Sebelumnya, Manajemen Bukalapak yang diwakili Sekretaris Perusahaan Perdana A. Saputro mengatakan, sentimen global menjadi penyebab penurunan saham Bukalapak. Pasalnya, kinerja keuangan perusahaan semakin membaik.
"Berdasarkan analisis manajemen, penurunan ini sebagian disebabkan oleh perubahan sentimen global," kata Perdana dikutip dari keterbukaan informasi, Jumat (3/12).
Menurut dia, secara global terdapat tren kenaikan inflasi baru-baru ini yang memicu pengetatan dari bank-bank sentral di seluruh dunia. Bank sentral Amerika Serikat Federal Reserve (The Fed), sebagai contoh, menerapkan tapering off atau pengurangan stimulus moneter.
"Akibatnya, terlihat ada perubahan perilaku investor di perusahaan teknologi yang secara historis berusaha untuk memanfaatkan pergerakan likuiditas yang tinggi dan adanya tingkat suku bunga rendah," ujar Perdana.
Selain pengetatan kebijakan, perubahan risiko pandemi Covid-19 baru-baru ini, sehubungan dengan timbulnya varian baru Omicron juga telah menambah volatilitas pasar. Menurut Perdana, sentimen tidak hanya untuk pasar teknologi dan Indonesia saja, tapi untuk pasar ekuitas global.
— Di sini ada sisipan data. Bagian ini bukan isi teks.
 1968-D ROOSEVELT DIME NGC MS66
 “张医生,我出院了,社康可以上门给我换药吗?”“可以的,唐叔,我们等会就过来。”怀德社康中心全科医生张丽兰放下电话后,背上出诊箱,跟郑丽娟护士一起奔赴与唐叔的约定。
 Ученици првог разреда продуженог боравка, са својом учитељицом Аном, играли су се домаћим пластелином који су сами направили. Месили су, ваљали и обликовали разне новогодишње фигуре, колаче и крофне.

Saat ini, Bukalapak mengklaim posisi kas perusahaan sangat kuat meski baru IPO. Dengan demikian, manajemen meyakini Bukalapak dapat menghadapi kondisi yang berbeda dibandingkan dengan perusahaan teknologi pada umumnya. "Pada dasarnya, kami percaya bahwa perseroan tetap dalam arah dan koridor yang tepat," kata Perdana.
Penjelasan Bukalapak soal harga sahamnya tersebut disampaikan setelah Bursa Efek Indonesia mempertanyakan melalui Surat BEI Nomor S09077/BEI.PP2/12-2021 tertanggal 1 Desember 2021 tentang Permintaan Penjelasan Bursa atas Volatilitas Harga Transaksi Efek.
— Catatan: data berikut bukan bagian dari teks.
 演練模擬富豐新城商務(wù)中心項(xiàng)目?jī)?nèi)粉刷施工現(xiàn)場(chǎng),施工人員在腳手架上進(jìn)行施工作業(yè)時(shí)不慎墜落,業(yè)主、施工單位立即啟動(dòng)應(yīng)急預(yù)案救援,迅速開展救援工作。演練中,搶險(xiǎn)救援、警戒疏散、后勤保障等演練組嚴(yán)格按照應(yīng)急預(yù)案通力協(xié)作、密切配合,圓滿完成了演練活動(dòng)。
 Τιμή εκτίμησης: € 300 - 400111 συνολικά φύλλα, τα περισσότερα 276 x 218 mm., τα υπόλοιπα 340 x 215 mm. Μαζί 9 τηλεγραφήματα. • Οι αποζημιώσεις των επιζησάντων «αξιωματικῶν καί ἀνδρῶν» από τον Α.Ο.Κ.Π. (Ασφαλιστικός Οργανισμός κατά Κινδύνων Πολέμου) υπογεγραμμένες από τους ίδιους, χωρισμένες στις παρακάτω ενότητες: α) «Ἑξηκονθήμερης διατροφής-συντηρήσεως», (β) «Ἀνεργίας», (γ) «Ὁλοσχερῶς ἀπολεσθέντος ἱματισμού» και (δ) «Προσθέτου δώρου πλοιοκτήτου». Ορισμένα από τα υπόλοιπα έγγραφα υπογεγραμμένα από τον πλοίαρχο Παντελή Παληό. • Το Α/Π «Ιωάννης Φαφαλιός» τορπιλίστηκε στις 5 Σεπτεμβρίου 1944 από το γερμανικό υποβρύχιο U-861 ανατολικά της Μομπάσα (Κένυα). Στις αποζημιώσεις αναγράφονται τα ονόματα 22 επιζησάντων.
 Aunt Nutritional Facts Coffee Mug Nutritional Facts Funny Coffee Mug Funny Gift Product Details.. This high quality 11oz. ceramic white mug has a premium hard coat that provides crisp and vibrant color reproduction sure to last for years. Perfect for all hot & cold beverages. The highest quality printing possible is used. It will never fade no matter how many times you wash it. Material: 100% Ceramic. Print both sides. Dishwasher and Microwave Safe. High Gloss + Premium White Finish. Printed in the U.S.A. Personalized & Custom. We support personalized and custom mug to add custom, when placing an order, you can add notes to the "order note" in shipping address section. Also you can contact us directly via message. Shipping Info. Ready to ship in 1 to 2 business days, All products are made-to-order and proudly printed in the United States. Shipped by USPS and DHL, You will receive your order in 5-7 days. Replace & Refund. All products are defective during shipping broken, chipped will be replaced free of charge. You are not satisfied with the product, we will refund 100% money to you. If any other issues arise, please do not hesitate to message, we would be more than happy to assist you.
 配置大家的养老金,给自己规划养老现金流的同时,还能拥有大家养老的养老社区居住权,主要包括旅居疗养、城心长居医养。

Berdasarkan laporan keuangan, Bukalapak masih membukukan rugi bersih Rp 1,12 triliun per September 2021. Namun, nilai kerugiannya menyusut 19,17% dibandingkan periode sama tahun lalu yang merugi Rp 1,39 triliun.
Saat itu, Bukalapak meraih pendapatan Rp 1,34 triliun dalam sembilan bulan tahun ini. Pendapatan tersebut tumbuh 42,1 % dibanding pendapatan periode sama 2020.
Total pendapatan Bukalapak terdiri dari tiga sektor bisnis. Pertumbuhan pendapatan paling signifikan berasal dari pendapatan mitra sebesar Rp 496,7 miliar atau tumbuh 322,82 %. Bisnis marketplace menyumbang pendapatan Rp 780,41 miliar atau tumbuh 5,18 %. Sedangkan pendapatan dari BukaPengadaan Rp 70,56 miliar, malah turun 20,67 % dari periode sama 2020.